*** Block opens ***
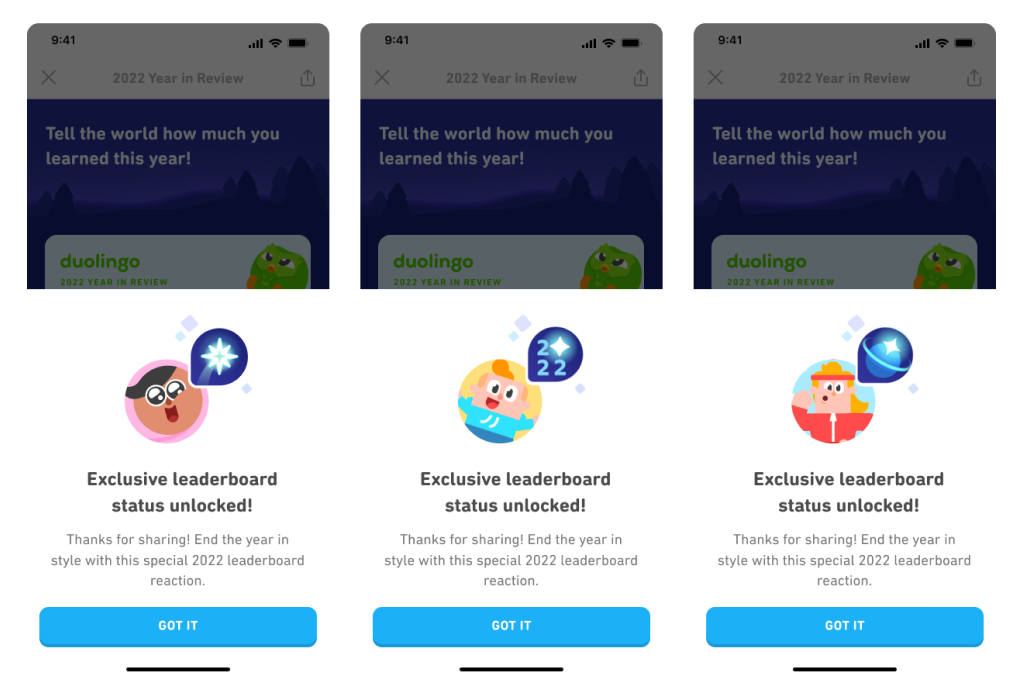 Since 2020, we’ve continued to evolve the in-app experience by adding more personalization, assigning each learner a unique learning style based on their behavior, and ensuring that the experience is so delightful that everyone wants to share it! One of the things we saw in initial versions of Year-in-Review was that learners loved sharing comparison stats—aka their XP percentile ranking. In 2021, we highlighted that stat in the share card, which increased overall share rates (especially for our top learners!)
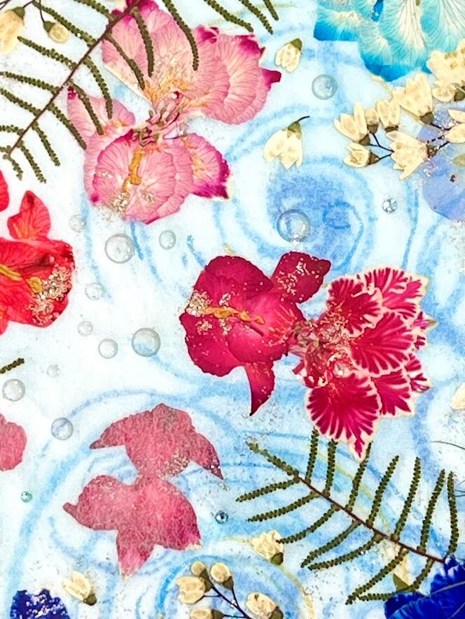 涼を呼ぶ小さな金魚たちの押し花アート額 スクエアタイプ
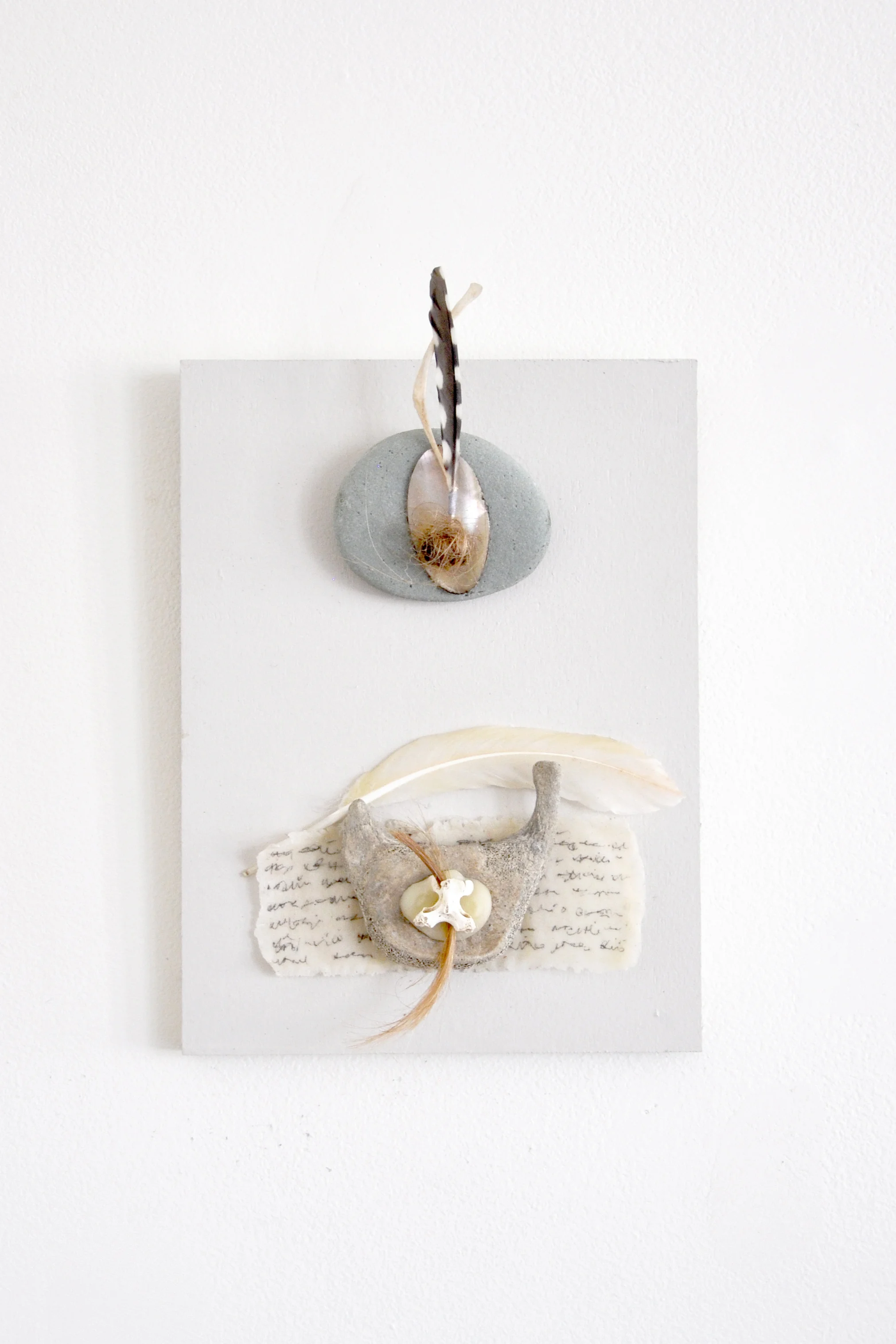 materials: bone, wax, hair, waxed muslin, ink, feathers, bronze, shell, stone
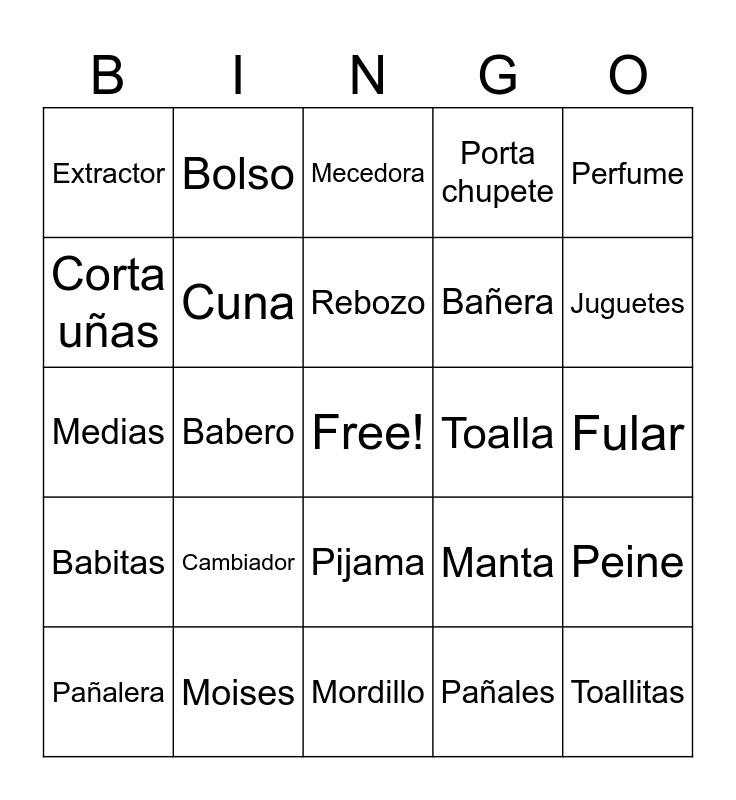 This bingo card has a free space and 40 words: Coche, Medias, Jabón, Cuna, Moises, Pijama, Rebozo, Silla de comer, Perfume, Babitas, Babero, Porta chupete, Toallitas, Fular, Toalla, Cambiador, Colecho, Extractor, Cupete, Mecedora, Peine, Pañales, Bañera, Corta uñas, Algodón, Óleo, Porta chupetes, Mamadera, Pelele, Termómetro, Body, Pañalera, Silla para auto, Manta, Juguetes, Mordillo, Gorro, Formula, Bolso and Talco.
*** Block closes ***
* [What you should do]: Your copy of the data above should match it exactly, apart from the images.

* [Solution for this problem]:
 Since 2020, we’ve continued to evolve the in-app experience by adding more personalization, assigning each learner a unique learning style based on their behavior, and ensuring that the experience is so delightful that everyone wants to share it! One of the things we saw in initial versions of Year-in-Review was that learners loved sharing comparison stats—aka their XP percentile ranking. In 2021, we highlighted that stat in the share card, which increased overall share rates (especially for our top learners!)
 涼を呼ぶ小さな金魚たちの押し花アート額 スクエアタイプ
 materials: bone, wax, hair, waxed muslin, ink, feathers, bronze, shell, stone
 This bingo card has a free space and 40 words: Coche, Medias, Jabón, Cuna, Moises, Pijama, Rebozo, Silla de comer, Perfume, Babitas, Babero, Porta chupete, Toallitas, Fular, Toalla, Cambiador, Colecho, Extractor, Cupete, Mecedora, Peine, Pañales, Bañera, Corta uñas, Algodón, Óleo, Porta chupetes, Mamadera, Pelele, Termómetro, Body, Pañalera, Silla para auto, Manta, Juguetes, Mordillo, Gorro, Formula, Bolso and Talco.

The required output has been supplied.